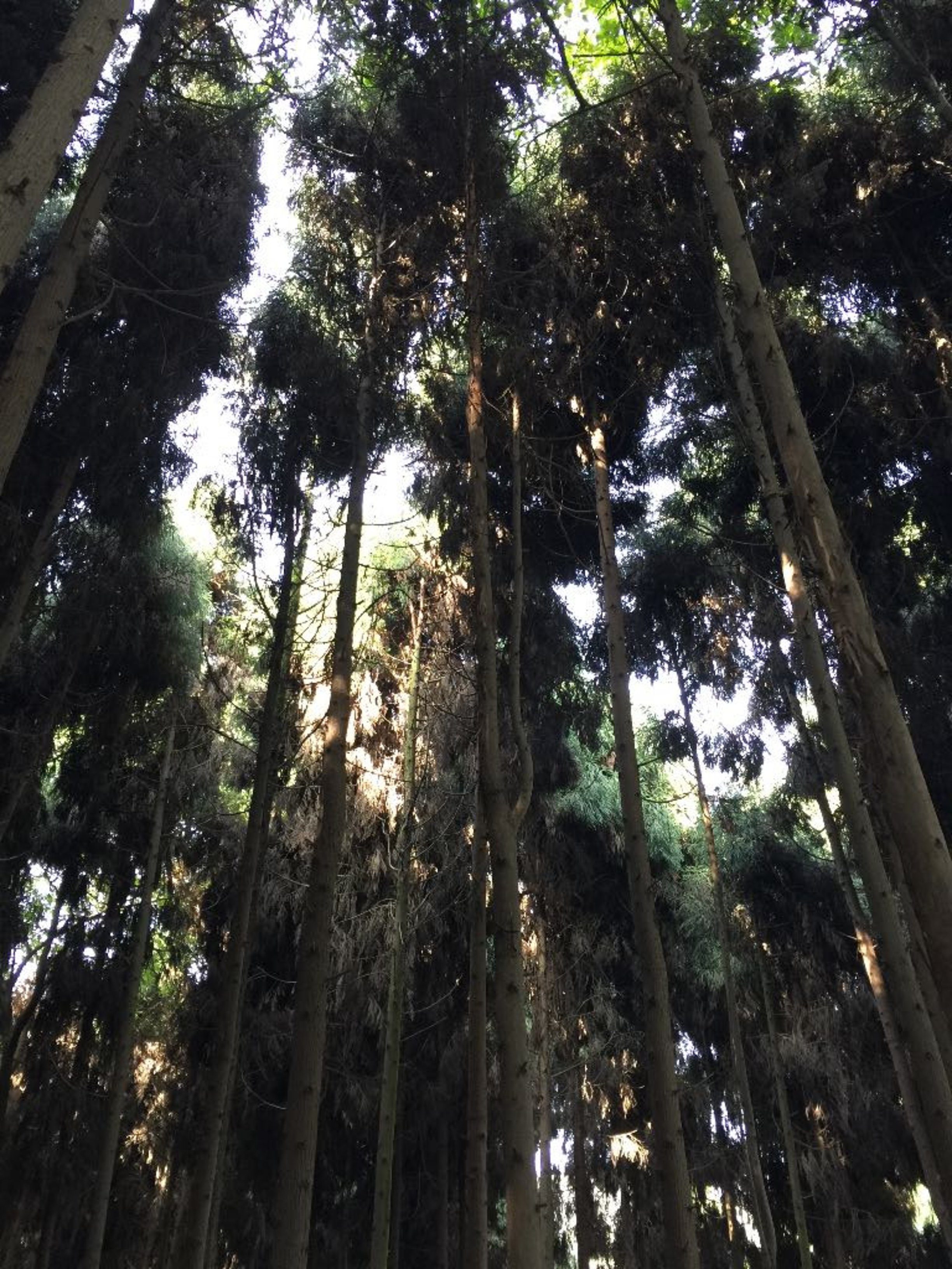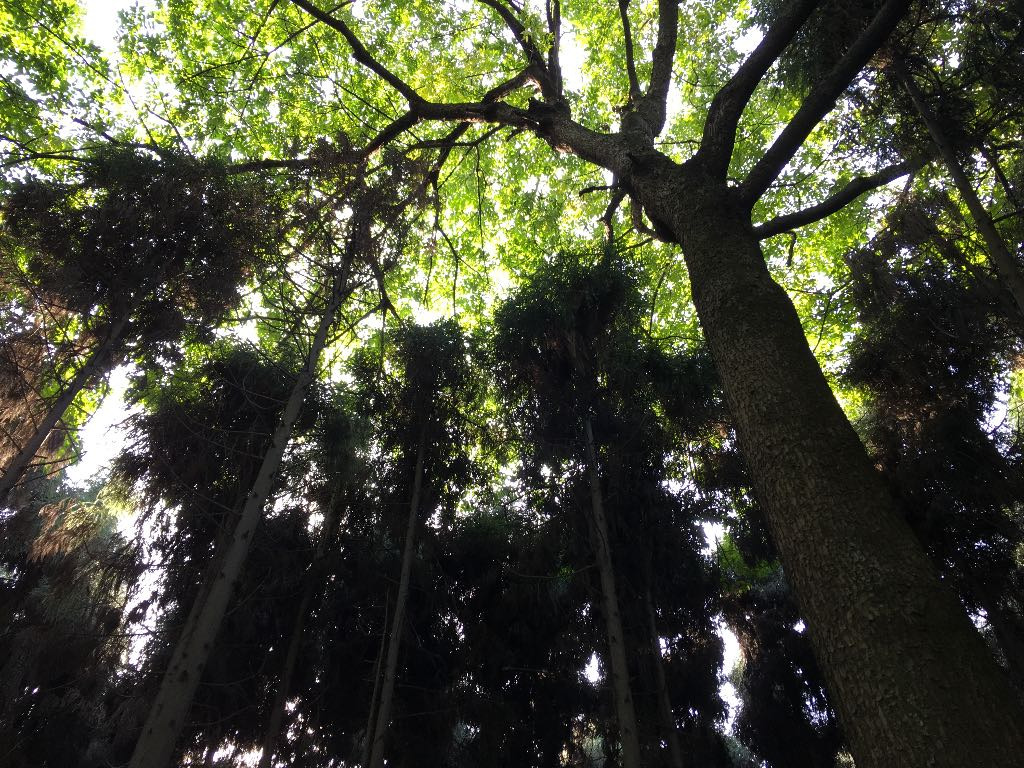 从树林里看到天空和阳光
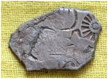 | Description / विवरण | The shape of the coin is irregular. This is an imperial type of punch marked coin. Obverse Sun, Elephant and an indistinct symbol. Reverse Blank. |
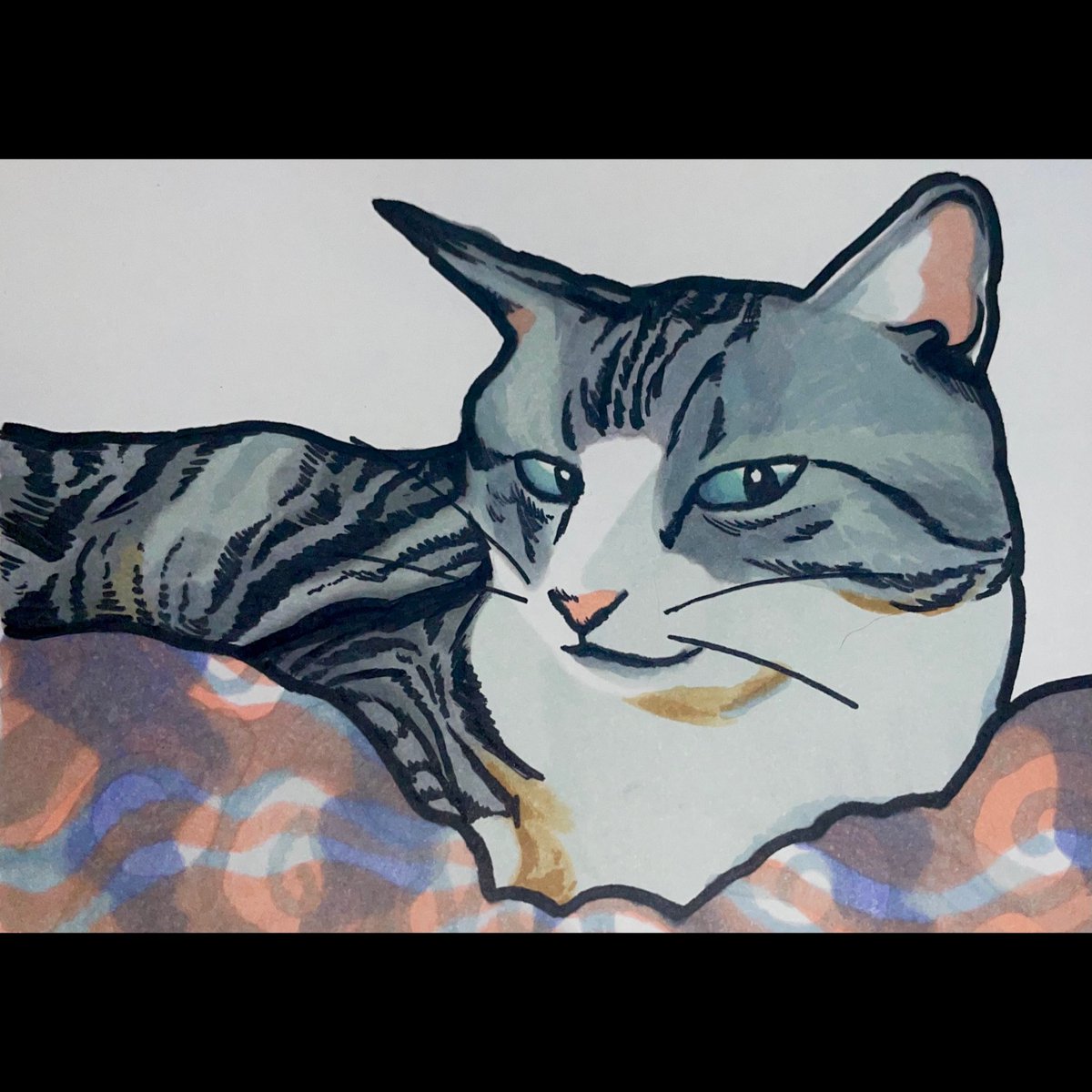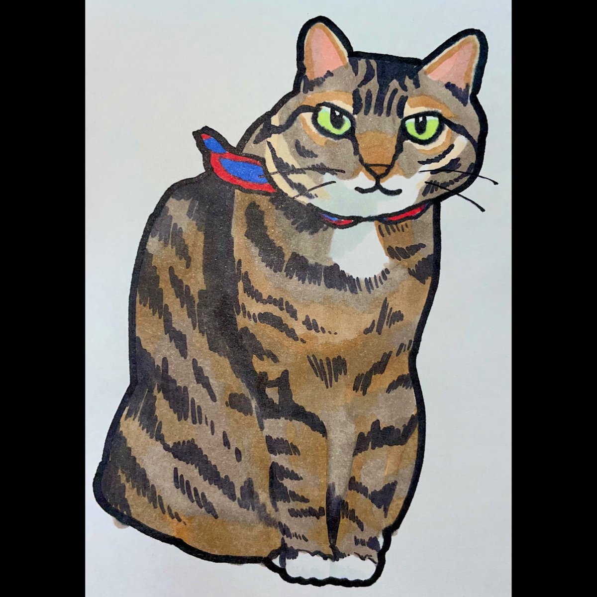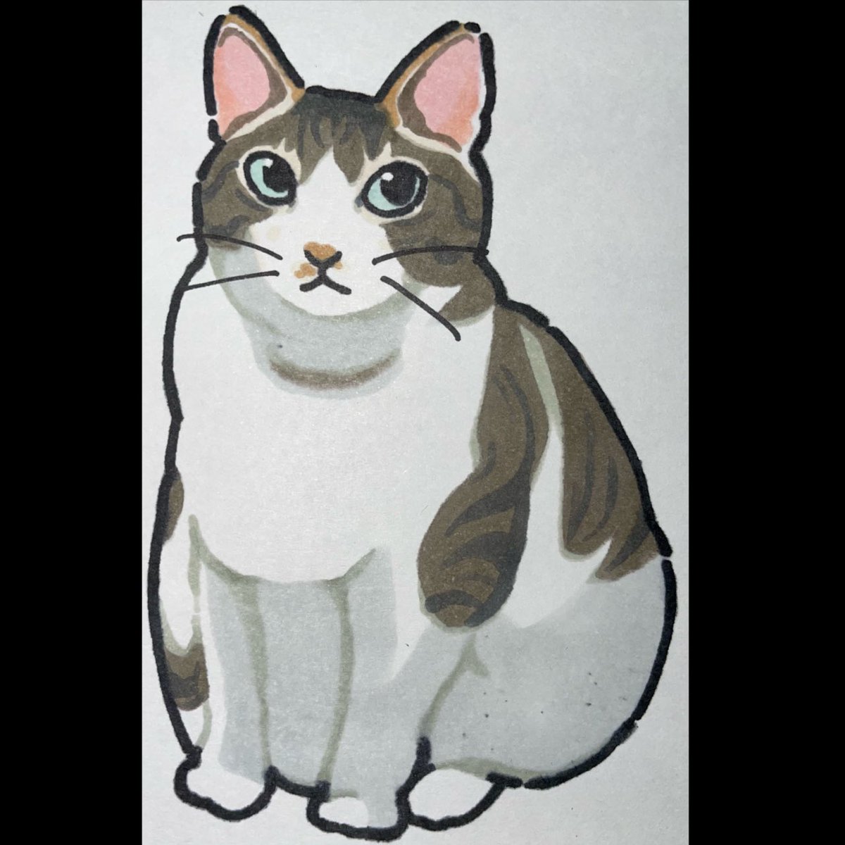 猫描きました @aryuu10 さんの 茶白のサン☀️ なんとも言えない愛くるしいお顔に悶えながら描きました😇 #猫 #イラスト #猫イラスト #絵描きさんと繋がたい #猫好きさんと繋がりたい

____________________

INSTRUCTIONS FOR THE TASK:
Without any of its images, the data above should be returned exactly.

OUTPUT OF THE EXERCISE:
 从树林里看到天空和阳光
 | Description / विवरण | The shape of the coin is irregular. This is an imperial type of punch marked coin. Obverse Sun, Elephant and an indistinct symbol. Reverse Blank. |
 猫描きました @aryuu10 さんの 茶白のサン☀️ なんとも言えない愛くるしいお顔に悶えながら描きました😇 #猫 #イラスト #猫イラスト #絵描きさんと繋がたい #猫好きさんと繋がりたい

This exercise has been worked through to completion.